Нармурад внимательно следил за лицом молодого человека.
— Затронуло сердце, но потом снова отпустило? — спросил он, и Алекса только кивнул головой: да, правда, радость будто только дотронулась до него и тут же покинула, он задумался о другом, забыл о красоте вокруг.
— Ничего. Главное, что сердце твое живо, — сказал Нармурад и поднялся. — А я так сколько живу на свете, а все равно радуюсь, что мир такой прекрасный. Что каждое создание в нем для чего-то придумано…
— А гады — змеи и другая гадость — тоже для радости придуманы? А злые ненавистники, а нечисть, которая мучает людей и толкает их на погибель?
Нармурад затряс головой.
— Ты потом мне это переведешь, Аль-Иса, — сказал он.
Алекса опомнился. Он же заговорил на своем языке, забылся! Но — как утолил на мгновение душу… Он перебросил через плечо хурджун, пока Нармурад с усилием садился на своего ослика. Тот погнал лопоухого вперед и, только когда они прошли по прохладной, каменистой тропинке некоторое время, ответил, будто понял, о чем говорил его молодой помощник:
— В жизни много темного и страшного. А кому же, как не человеку, бороться против зла? Чтобы он мог себя действительно чувствовать счастливым.

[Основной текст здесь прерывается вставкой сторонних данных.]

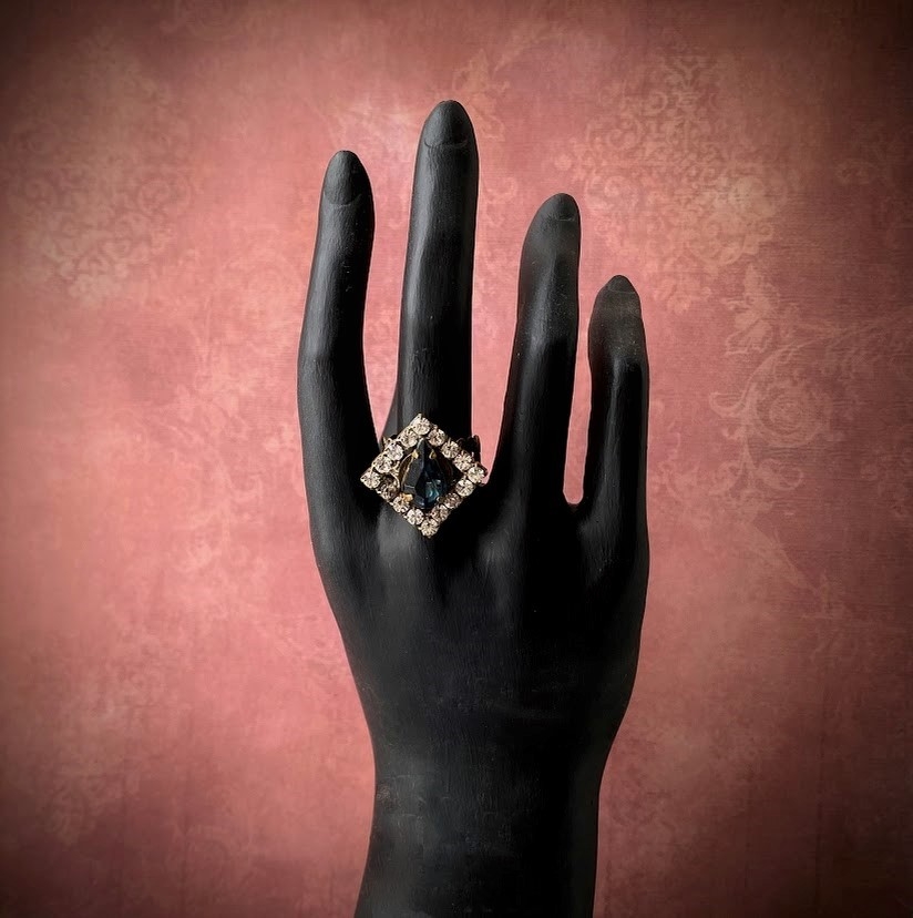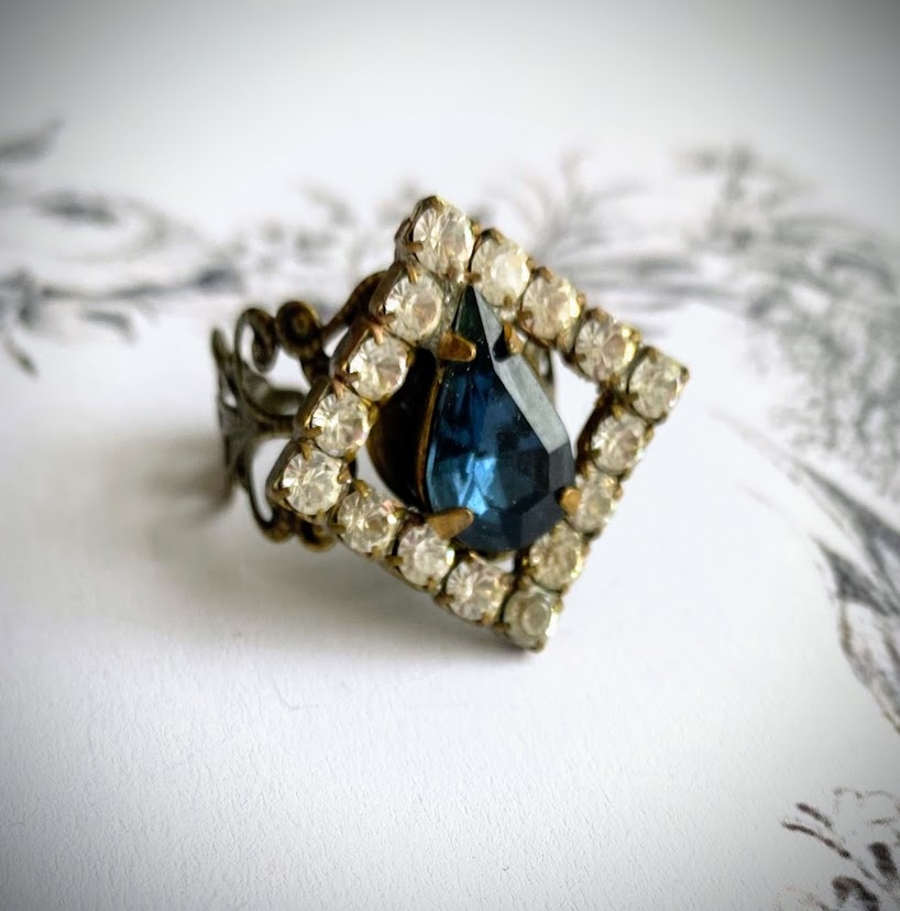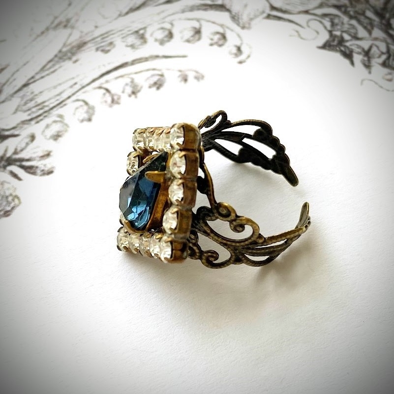 Elizabeth-sarjaan kuuluu aitoja, englantilaisia vintagekoruja, jotka ovat löytyneet lontoolaisten antiikkikauppiaiden valikoimista. Tässä sormuksessa on käytetty 50-luvulta peräisin olevia korvakoruja, joita koristavat tummansiniset pisarat ja lukuisat kristallit.
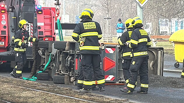 V Praze v ulici Bělohradská se převrátil vůz, který zametá chodníky. (24. února 2025)
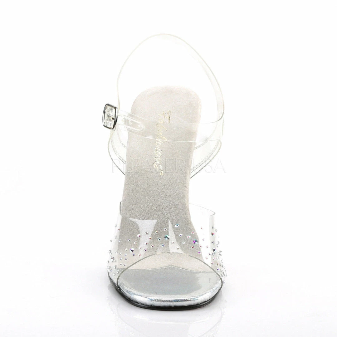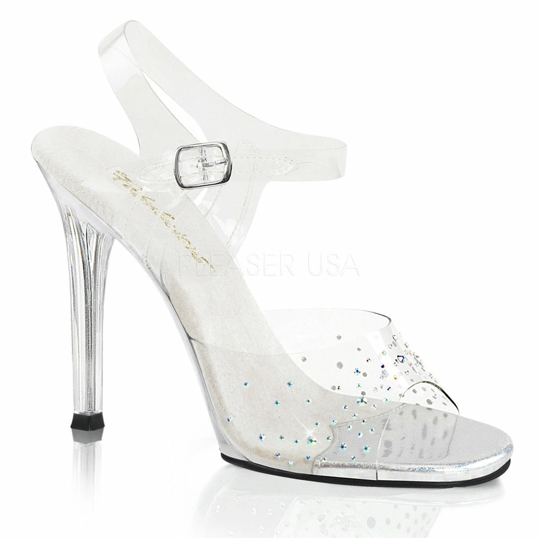 4 1/2″ (11.4cm) Heel Ankle Strap Sandal Featuring Multi Sized AB Rhinestones on Vamp
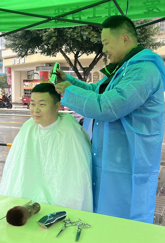 “今天来免费理了发,服务很好,活动办得也很棒。”在爱心义卖摊位购物的张天明说,买这些实用物品,既能自用,又能做公益,一举两得。
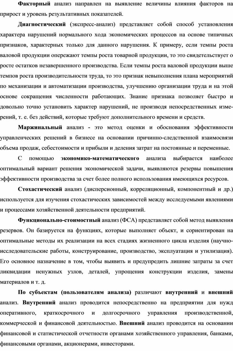По методике изучения объектов анализ может быть сравнительным, диагностическим, маржинальным, факторным, экономико-математическим, экономико-статистическим функционально-стоимостным и т.д.
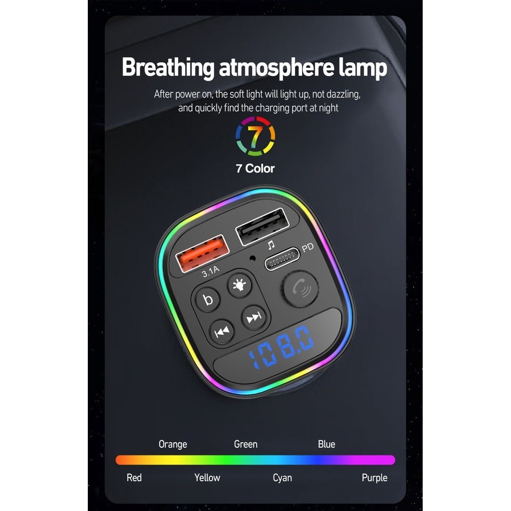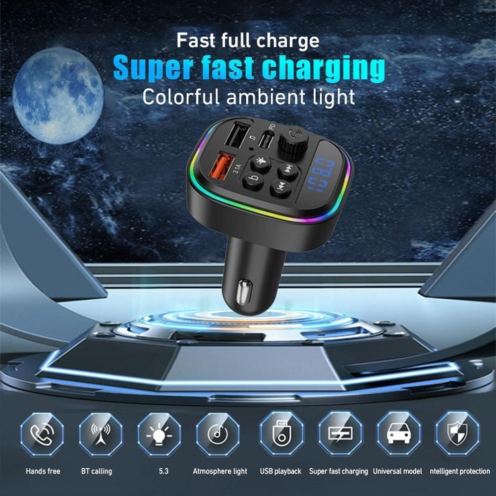 Car FM Transmitter with Wireless MP3 Player and Dual USB Fast Charging Ports

После ночи встречать солнце вон как радостно, да?
Алекса ничего не сказал, и они пошли дальше. А солнце стремительно всходило над этими молчаливыми горами, над каменистой тропинкой, которая вела вперед ввысь и от которой несколько начало захлебываться неокрепшее сердце Алексы. Солнце выжигало ночной холод из ущелий и сияло на красноватых, розовых и темно-коричневых камнях скал, отчего казалось, что путники попали в какую-то заколдованную страну. Крикни — и все вокруг отзовется, оживет, засияет переливами!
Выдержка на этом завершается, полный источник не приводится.